Right sidebar’s settings. fig. 15. Right sidebar’s settings.

However, the latter can be amended, changed or adjusted at any time. In this case, we recommend saving all previously carried-out settings, whether they be related to recognition parameters (‘parameters’) or to document-specific layout elements (‘regions’) previously determined by the user, in ‘settings’. This will ensure these particular settings are applied the next time you work with this tool, enabling you to work with document-specific settings from then on.

Specific settings: ‘regions’, ‘parameters’, ‘reading order’, ‘settings’

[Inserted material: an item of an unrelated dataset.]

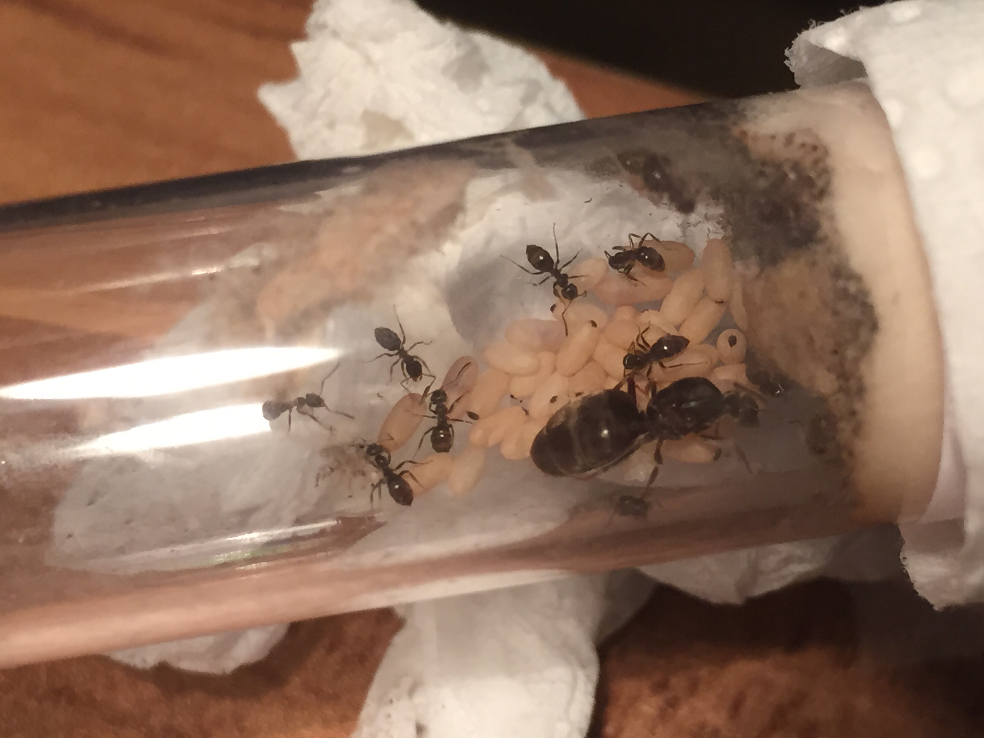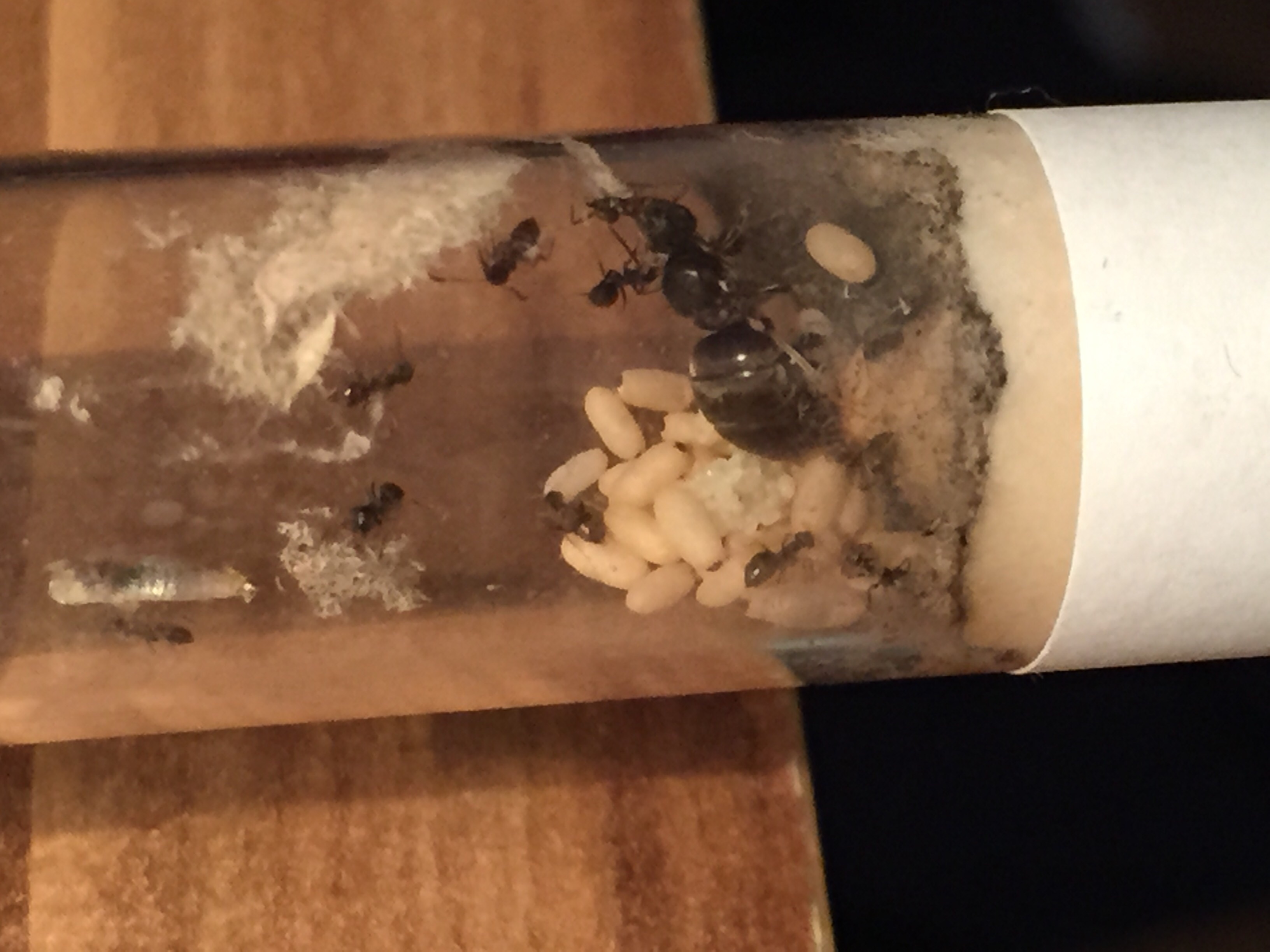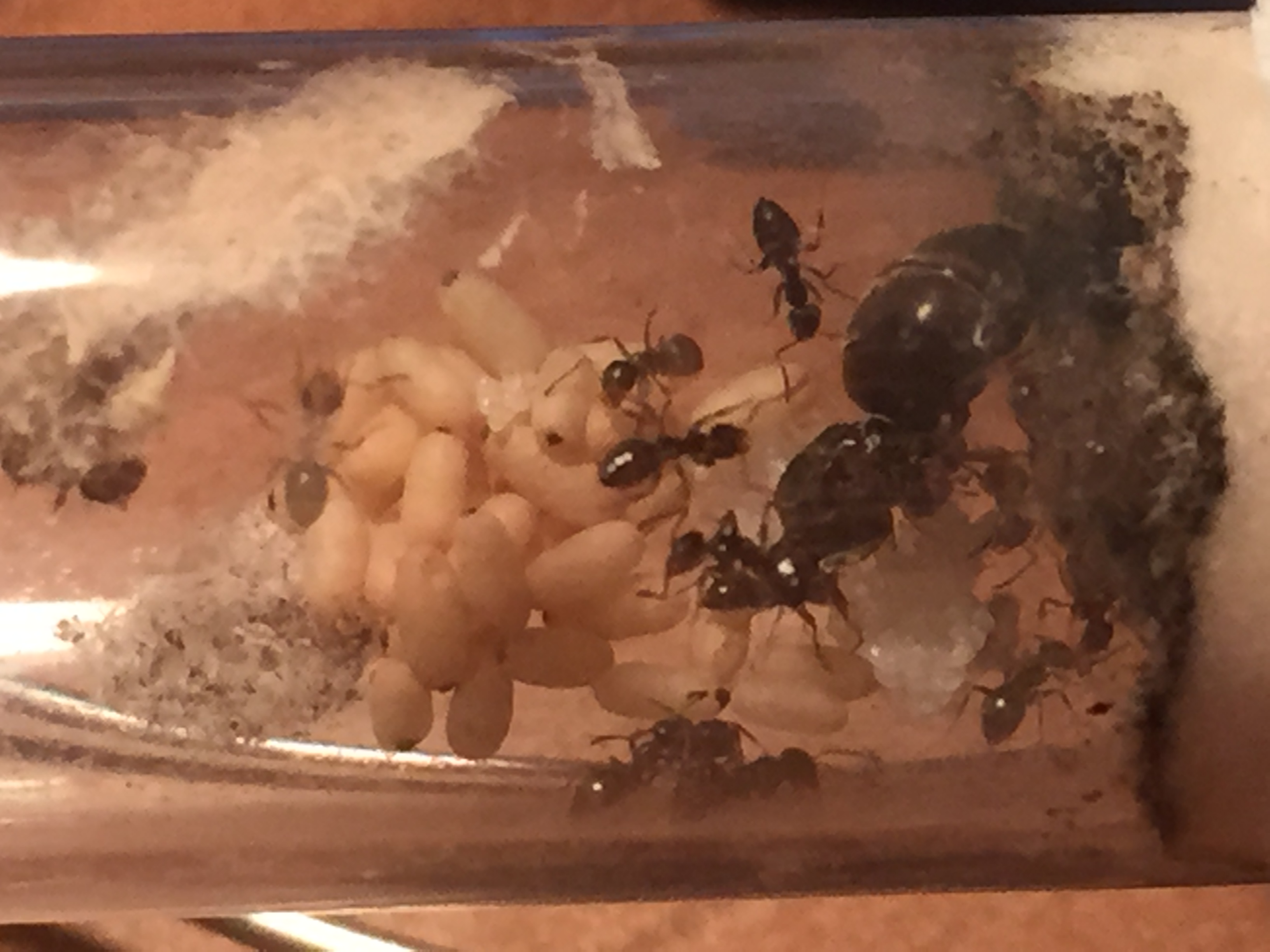 Auch die Anzahl der Arbeiter kann ich lediglich auf so 25-35 schĂ€tzen, denn es sind alleine gestern 5 neue Arbeiterinnen geschlĂŒpft (einfach zu erkennen an den 5 sehr sehr hellen Tierchen).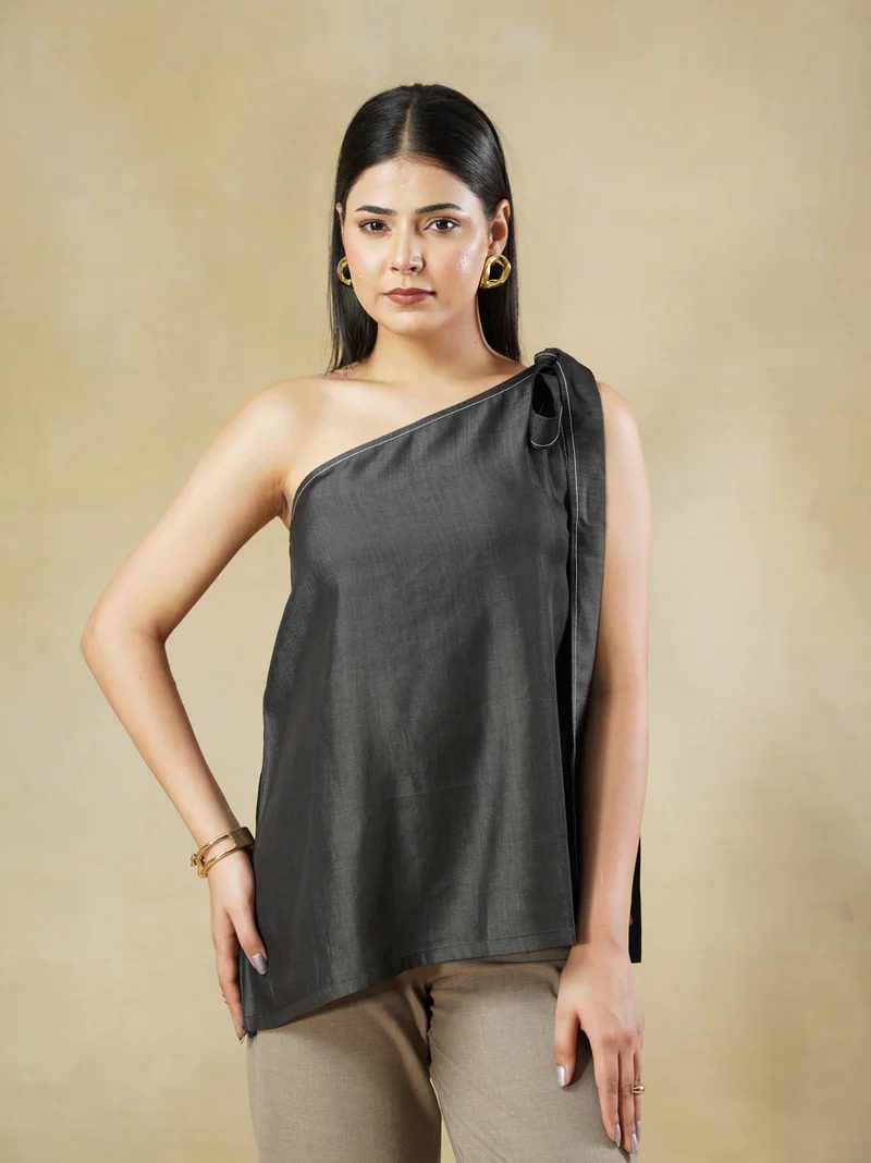 SAKU’s Madeline top channels modern minimalism with a sleek one-shoulder silhouette and sharp contrast stitching that adds just the right edge. The adjustable tie-up waist flatters the fit while keeping the look effortless and refined, making it a statement black top that feels equal parts chic and contemporary.

  • 'Regions': In accordance with the LAREX concept, each scan (that is, each book page) is composed of several, distinct layout elements, e.g. main text (‘paragraph’), title, marginalia, page number, etc. Thus, LAREX requires that corresponding ‘regions’ be assigned to each of these layout elements. This assigning task must be consistently performed throughout the entire work, in preparation for further steps as well as for the actual recognition of the displayed content! Besides a small number of pre-set and predefined layout regions – for instance ‘image’ (graphics such as woodcuts and ornate initials), ‘paragraph’ (main text) or ‘page_number’ – the user can define and add further book-specific layout regions under ‘create’. Not only can the user change a region’s colour, but they can also define the minimum size of a textual/graphical page element which they wish to recognize as such (under ‘minSize’). The layout region thus defined can be added to the book-specific list by clicking on ‘save’.

Range of options under ‘Regions’. fig. 16. Range of options under ‘Regions’.

  • Moreover, the ‘regions’ feature enables the user to assign particular layout regions to a fixed and predefined location on the scan which will then be applied to the following scans. Provided a page’s layout is repeated throughout the entire book, the user can generate something of a layout template in order to improve segmentation and reduce the number of necessary corrections later on. In order to adjust the position of these layout regions to a book’s specific layout, simply display the layout region’s current position and adjust it by selecting the scanned page’s regions.

Layout regions display and template. fig. 17. Layout regions display and template.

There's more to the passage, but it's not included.